Dois terços da população de Moçambique vive abaixo da linha de pobreza do Banco Mundial, de 1 dólar por dia, e a ONU classifica o país, que sofreu com 16 anos de guerra civil, como um dos 10 mais pobres do mundo.
"Já estamos ajudando alguns atletas a estudar e treinar no exterior", disse Macamo, citando Elisa Cossa, do salto em distância, que recebe uma bolsa de estudos em Portugal, e a velocista Carina Pinto, que compartilha o apartamento que Mutola ocupou durante muitos anos em Oregon, nos EUA.
Mutola também fornece casa para sua prima Catarina, que perdeu a mãe há 13 anos, vítima de malária.
Recorde
Aos 31 anos de idade, Mutola disse que deseja embolsar outro ouro em Atenas e depois defender seu título mundial no próximo ano antes de deixar o esporte, enquanto ainda estiver no auge. "Acho que não poderei participar das Olimpíadas de 2008 na China", disse Mutola.
Se tiver uma temporada sem contusões, Mutola também quer tentar quebrar o recorde que já dura há 21 anos da tcheca Jarmila Kratochvilova nos 800 metros, de 1min53s28. "Tentei muito quebrar este recorde. Ainda é um dos meus sonhos", disse Mutola, que tem o melhor tempo de 1m55s19, estabelecido há dez anos.
Mutola divide seu tempo principalmente entre os EUA e Johanesburgo, que afirma ser o lugar mais próximo de sua pátria que oferece treinamento em alta altitude.
Quando está em Moçambique, ela mora em uma mansão que ganhou do governo no badalado subúrbio de Triunfo, à beira da praia, em reconhecimento ao seu sucesso.

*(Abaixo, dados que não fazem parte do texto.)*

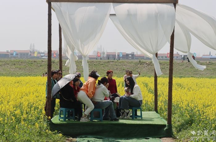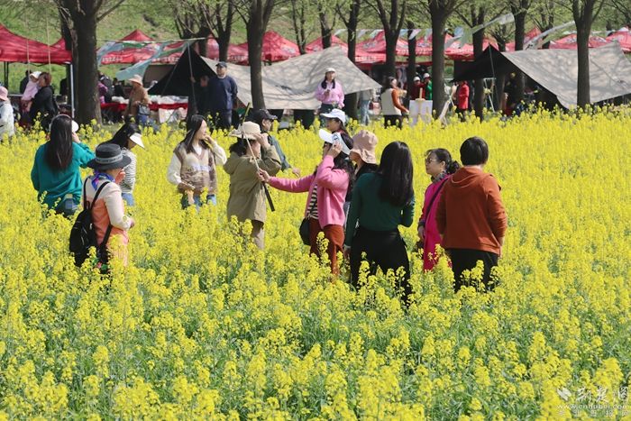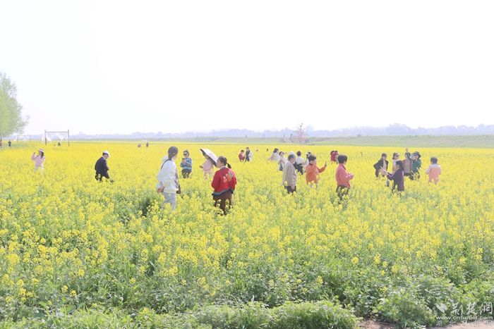 黃澄澄的油菜花田如金色海洋般廣袤無垠,春風拂過,花浪起伏,散發(fā)出令人陶醉的清新香氣。游客們紛紛踏入這片花海,感受春天的氣息,品味鄉(xiāng)土的韻味。

Mutola começou a carreira no esporte como jogadora de futebol antes de ser levada, aos 14 anos, pelo conhecido poeta moçambicano e técnico de atletismo Jose Craverinha, que a viu jogando nas ruas de Maputo.
"Mutola é parte das boas notícias de Moçambique e uma lembrança do espírito de luta de Moçambique. Terminamos a guerra civil e agora vivemos em paz e superamos adversidades naturais como enchentes e ciclones", disse Chissano.